> **TASK DIRECTIONS**
All lines from the one that has "Die Gummiente ist" onward to the end of the records below are to be returned exactly; pictures are to be skipped.

> **DATA FOR PROCESSING**

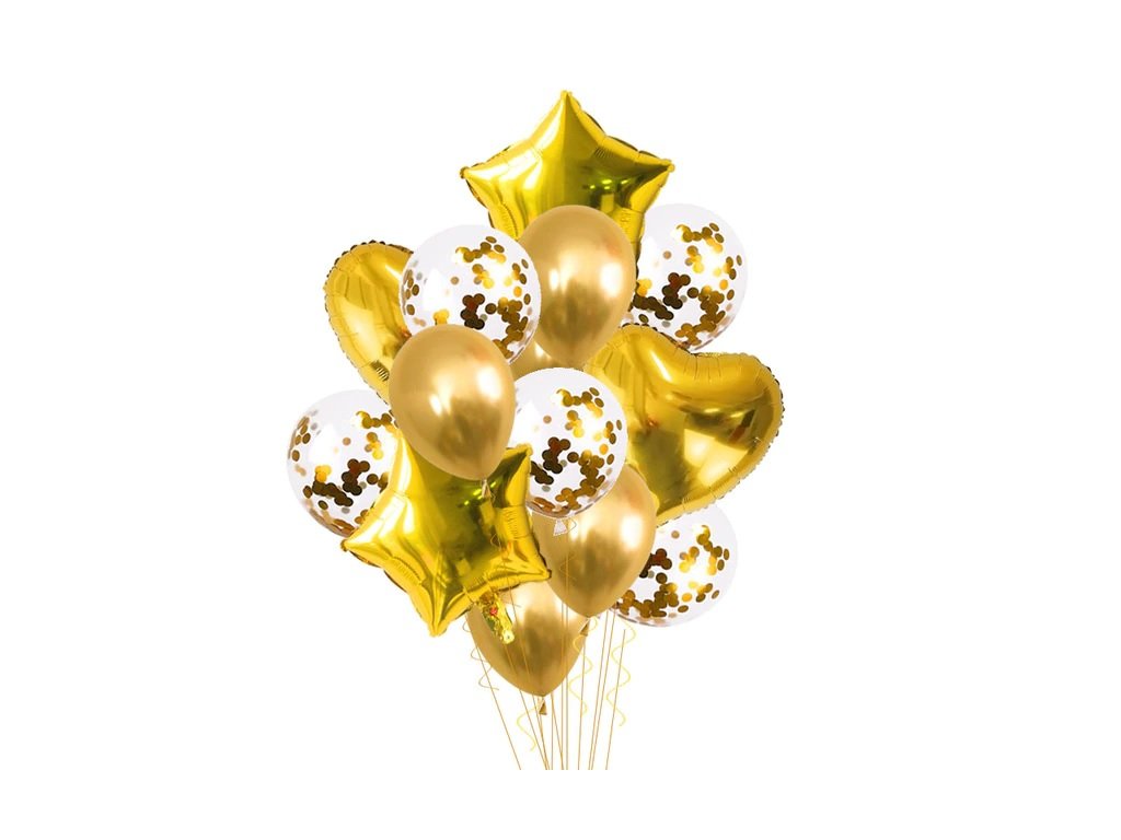 Balenie obsahuje: 1x tubu na nafúknutie fóliových balónikov 2x veľké zlaté fóliové balóniky v tvare srdca 2x veľké zlaté fóliové balóniky v tvare hviezdy 5x svetlé balóniky s konfetami vo vnútri5x zlaté balóniky1x zlatá farebná páska (tenká lepiaca páska)
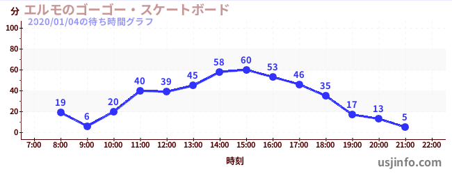 • エルモのゴーゴー・スケートボード$B$N(B2020年01月04日の待ち時間
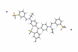 • CCN(CC1=CC(=CC=C1)S(=O)(=O)[O-])C2=CC=C(C=C2)C(=C3C=CC(=[N+](CC)CC4=CC(=CC=C4)S(=O)(=O)[O-])C=C3)C5=C(C=C(C=C5)O)S(=O)(=O)[O-].[Na+].[Na+]
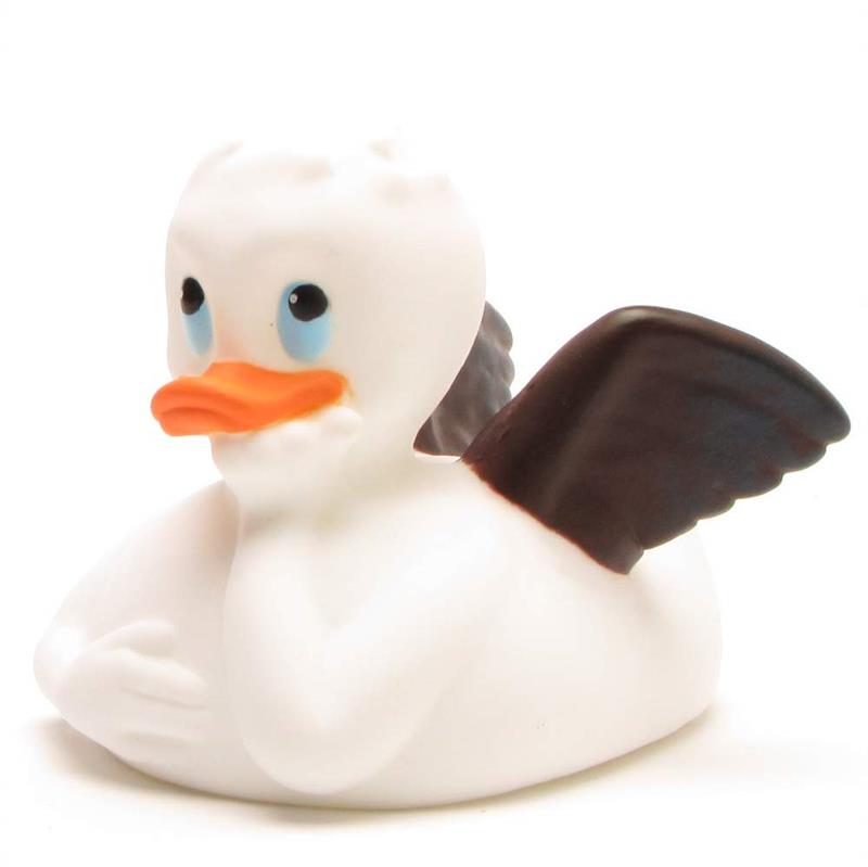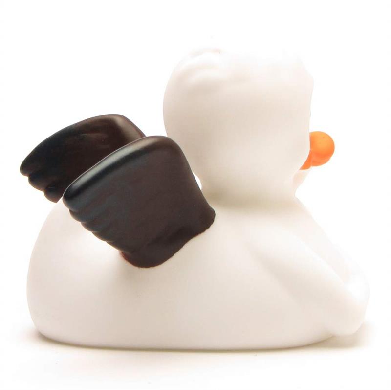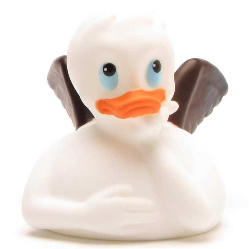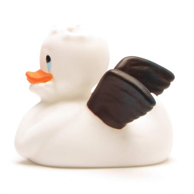 Die Gummiente ist aus hochwertigem Vinyl gefertigt und in strahlendem Weiß gehalten, dem Symbol für Reinheit und Unschuld. Kontrastreich hebt sich ihr schwarzer Flügel ab, der sie zu einem einzigartigen Blickfang macht. Mit einer Hand unter dem Kinn, wirkt die Engel-Badeente nachdenklich und fügt einen Hauch von Mystik zu deinem Bad hinzu.
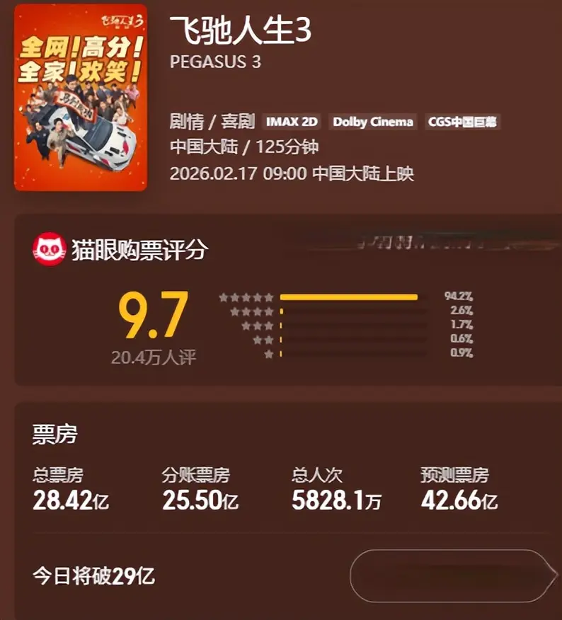 《疾驰东谈主生3》票房破20亿!沈腾有望成为首位主演票房破400亿的演员. 百家号. [2026-02-21].

> **YOUR RESPONSE**
 Die Gummiente ist aus hochwertigem Vinyl gefertigt und in strahlendem Weiß gehalten, dem Symbol für Reinheit und Unschuld. Kontrastreich hebt sich ihr schwarzer Flügel ab, der sie zu einem einzigartigen Blickfang macht. Mit einer Hand unter dem Kinn, wirkt die Engel-Badeente nachdenklich und fügt einen Hauch von Mystik zu deinem Bad hinzu.
 《疾驰东谈主生3》票房破20亿!沈腾有望成为首位主演票房破400亿的演员. 百家号. [2026-02-21].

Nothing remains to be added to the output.